Task to complete:
There are pictures in the records below; leave them out and set down exactly the lines from the one holding "すでに雨漏りが発生していまし" through the one holding "Encontre una defuncion".

Records provided:

━━━━━━

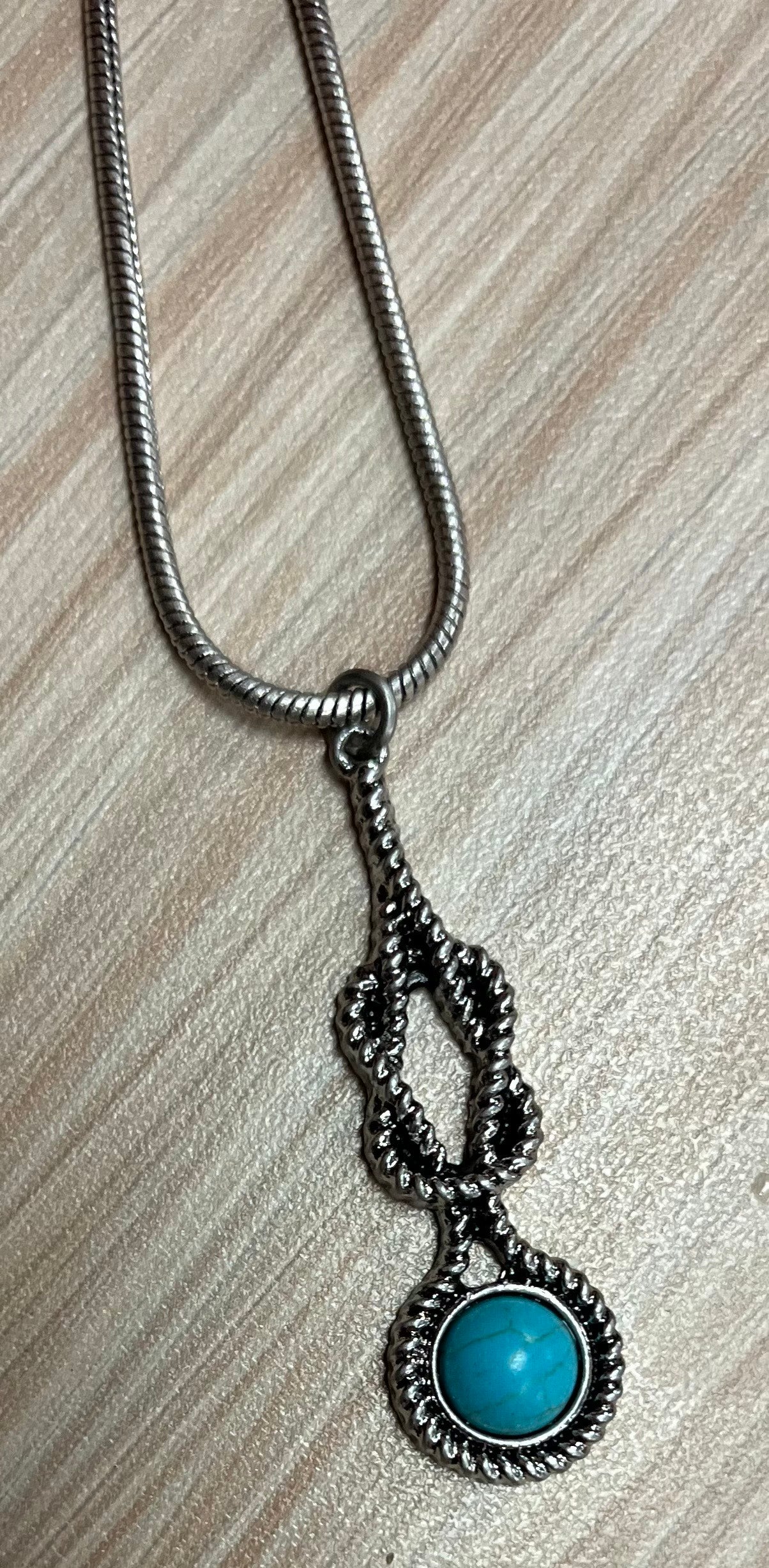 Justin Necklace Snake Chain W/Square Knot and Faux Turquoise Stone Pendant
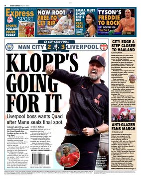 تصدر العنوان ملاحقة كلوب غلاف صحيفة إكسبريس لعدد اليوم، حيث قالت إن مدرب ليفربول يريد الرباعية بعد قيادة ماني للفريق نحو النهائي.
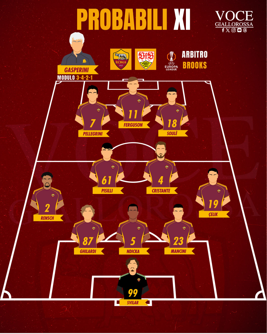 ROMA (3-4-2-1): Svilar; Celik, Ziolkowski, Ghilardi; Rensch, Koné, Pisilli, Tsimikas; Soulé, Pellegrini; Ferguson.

━━━━━━

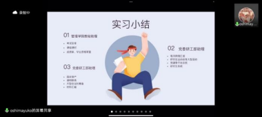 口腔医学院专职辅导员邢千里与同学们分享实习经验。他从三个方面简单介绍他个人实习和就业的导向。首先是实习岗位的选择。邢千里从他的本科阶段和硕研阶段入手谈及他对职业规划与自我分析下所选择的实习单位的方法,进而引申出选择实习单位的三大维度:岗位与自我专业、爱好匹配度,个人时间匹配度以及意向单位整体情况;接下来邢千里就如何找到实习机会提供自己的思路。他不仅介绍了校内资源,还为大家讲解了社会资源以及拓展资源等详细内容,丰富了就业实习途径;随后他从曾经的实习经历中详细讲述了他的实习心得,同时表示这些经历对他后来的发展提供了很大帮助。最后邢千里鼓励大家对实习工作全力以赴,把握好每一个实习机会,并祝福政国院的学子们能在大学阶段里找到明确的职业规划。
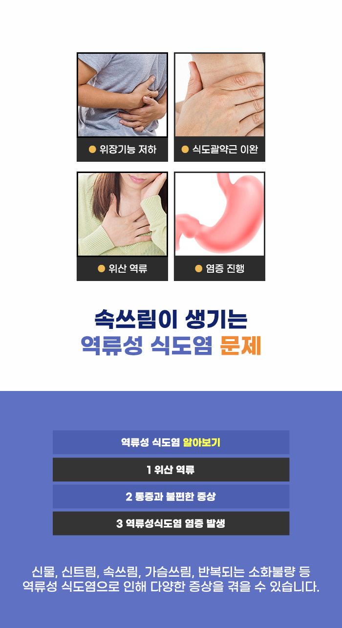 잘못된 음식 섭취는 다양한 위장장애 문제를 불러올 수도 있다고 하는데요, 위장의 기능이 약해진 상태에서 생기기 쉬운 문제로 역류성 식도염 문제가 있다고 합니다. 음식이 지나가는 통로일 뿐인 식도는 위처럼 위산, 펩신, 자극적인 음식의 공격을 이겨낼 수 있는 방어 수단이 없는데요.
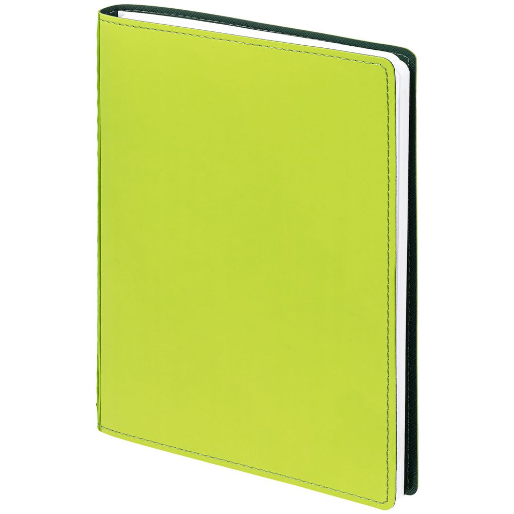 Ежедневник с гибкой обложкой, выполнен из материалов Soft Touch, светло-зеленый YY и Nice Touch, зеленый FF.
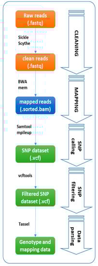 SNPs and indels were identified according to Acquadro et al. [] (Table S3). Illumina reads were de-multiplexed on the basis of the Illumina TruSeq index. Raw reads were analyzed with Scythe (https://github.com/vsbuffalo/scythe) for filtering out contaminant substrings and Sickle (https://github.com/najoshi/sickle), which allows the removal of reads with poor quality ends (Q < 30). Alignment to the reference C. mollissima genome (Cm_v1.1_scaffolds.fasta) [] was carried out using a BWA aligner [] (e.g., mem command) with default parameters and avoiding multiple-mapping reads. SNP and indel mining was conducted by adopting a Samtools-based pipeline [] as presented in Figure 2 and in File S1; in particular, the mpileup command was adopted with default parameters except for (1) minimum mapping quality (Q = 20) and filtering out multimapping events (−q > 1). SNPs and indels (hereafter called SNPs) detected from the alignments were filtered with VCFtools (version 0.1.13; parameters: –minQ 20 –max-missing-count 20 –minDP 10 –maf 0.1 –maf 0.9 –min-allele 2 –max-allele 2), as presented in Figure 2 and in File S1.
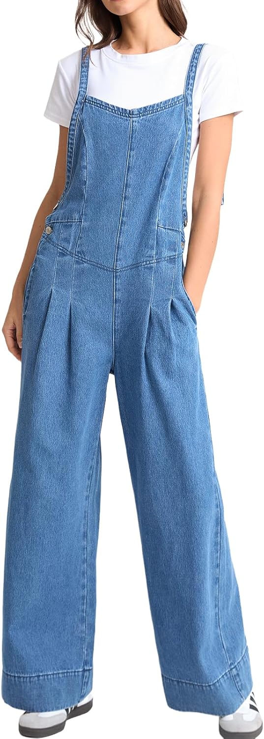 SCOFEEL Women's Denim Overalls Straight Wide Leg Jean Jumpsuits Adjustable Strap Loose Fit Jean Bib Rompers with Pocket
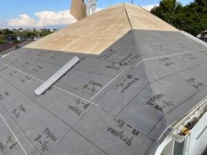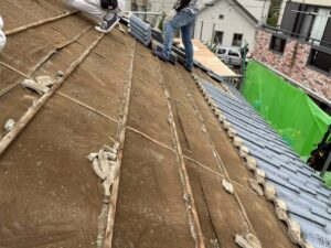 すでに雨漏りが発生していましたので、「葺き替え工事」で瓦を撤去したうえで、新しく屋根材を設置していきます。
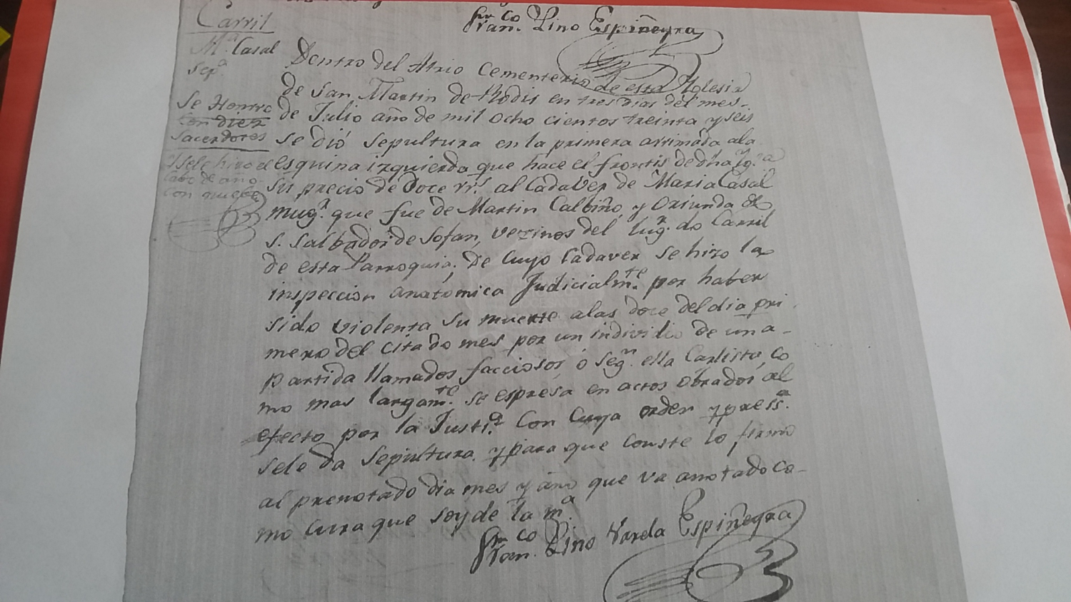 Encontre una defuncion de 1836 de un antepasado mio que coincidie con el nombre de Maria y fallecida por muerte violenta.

━━━━━━

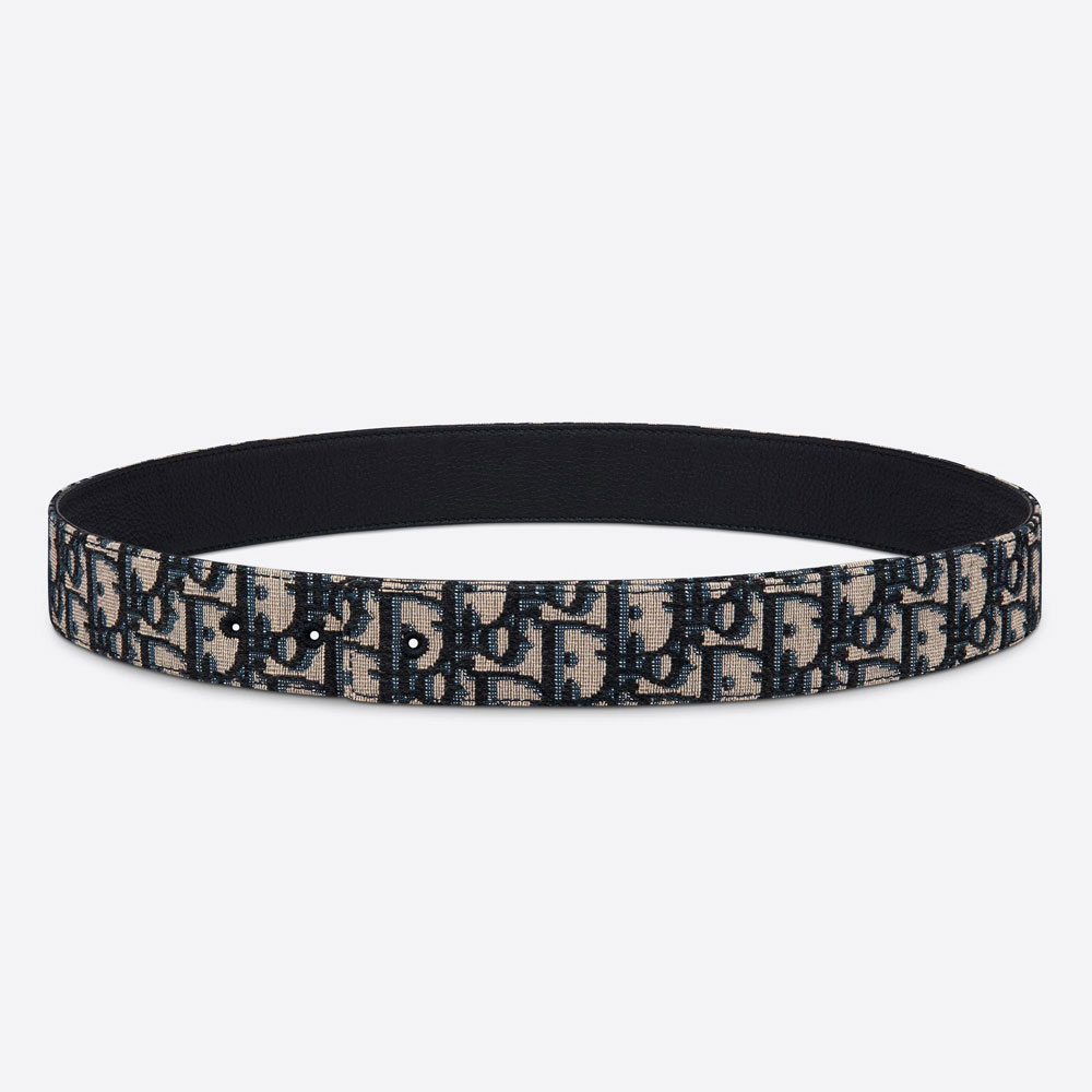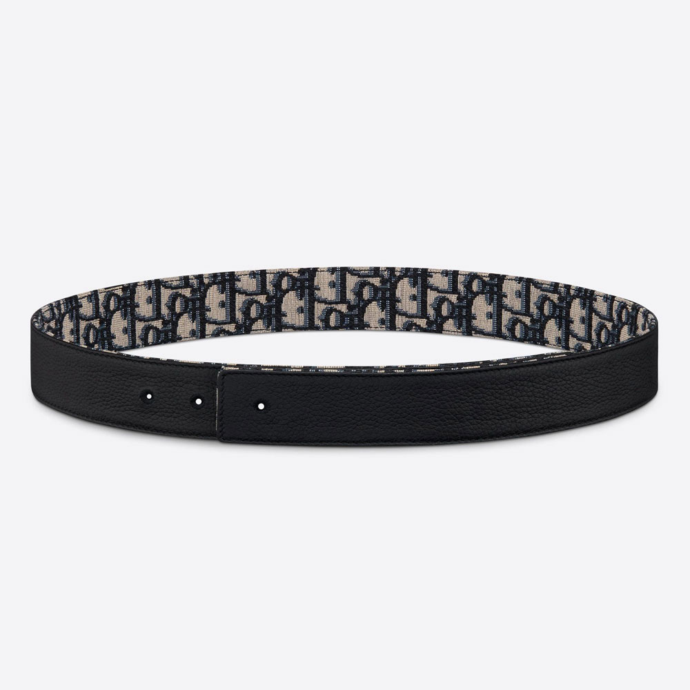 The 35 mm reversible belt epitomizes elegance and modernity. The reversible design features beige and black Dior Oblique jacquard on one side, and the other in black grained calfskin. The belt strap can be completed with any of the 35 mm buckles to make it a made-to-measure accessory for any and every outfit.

━━━━━━

Solution to this problem:
 すでに雨漏りが発生していましたので、「葺き替え工事」で瓦を撤去したうえで、新しく屋根材を設置していきます。
 Encontre una defuncion de 1836 de un antepasado mio que coincidie con el nombre de Maria y fallecida por muerte violenta.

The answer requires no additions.